Maybe this whole experience isn’t about a truck at all; maybe it’s a course correction before something harder to turn around takes root. If I allow myself to normalize reduction in small moments, it will show up in bigger ones:

In meetings.
In feedback.
In how I interpret someone’s misstep.
In whether I correct to build or correct to feel competent.

There’s an old warning in Scripture about small words setting large fires. Systems thinking would say the same thing: early inputs determine downstream outcomes. Hardness doesn’t appear overnight. It compounds, and if I’m honest, I can see the early signs.

As Lent approaches, I’ve been asking what actually needs recalibration in me. Not publicly. Not symbolically. Just honestly.

It’s probably not sugar. (I already outsource my pancreas to an insulin pump, so let’s not pretend that’s the spiritual breakthrough!)

I think it’s criticism.

Not cruelty. Not outrage. The subtle kind. The quick comment. The internal eye roll. The confidence I feel when I reduce someone in under three seconds.

My work requires discernment. I am stepping into a season that demands clarity, pressure testing, and honest feedback. But clarity and criticism are not the same thing.

Clarity builds.
Criticism elevates me.

And if I’m honest, I like feeling sharp, but sharp and hard are closer than I want them to be.
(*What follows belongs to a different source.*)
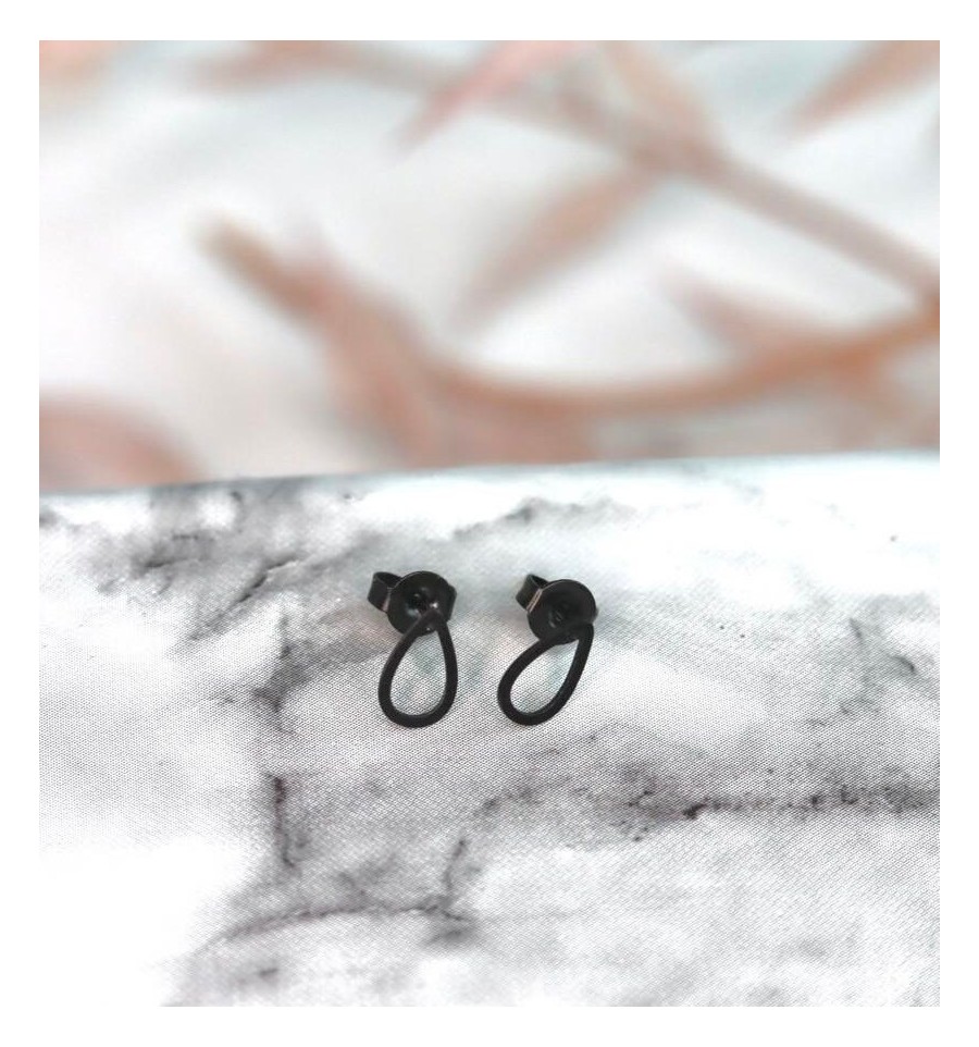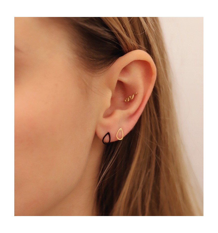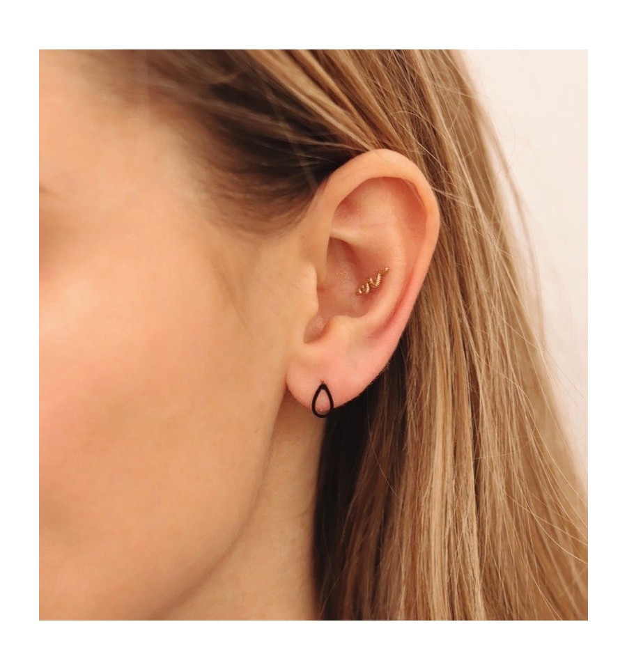Ørestikker med dråbe. Kan købes i guld og sort. Fremstillet i kirurgisk stål

Maybe this isn’t about a truck at all. Maybe it’s about how quickly I build narratives, how efficiently I reduce, and how comfortable I am being sharp in ways that feel intelligent in the moment but leave something slightly hardened behind.

I don’t think I’m becoming cruel, but I can see how easily that kind of sharpness, repeated often enough, could calcify into something more rigid than I intend. And maybe what happened at the red light wasn’t random irritation but a small interruption — the kind that shows up before a pattern has fully set, while it’s still possible to turn it.

When Steve said, “She could have been Jesus,” it didn’t require me to reinterpret every stranger as sacred. It simply forced me to confront how quickly I decide what carries weight and what doesn’t, and how confidently I act on that decision.

Maybe Lent, for me, isn’t about giving something up in a visible way. Maybe it’s about paying attention to what’s already forming beneath the surface — the reflexes that feel harmless, the narratives that build themselves in seconds, the small reductions that quietly shape how I see people.

Meanwhile… I’m learning that the stories I construct almost automatically are not neutral; they’re formative. And the way I narrate strangers may be shaping me more than I realize.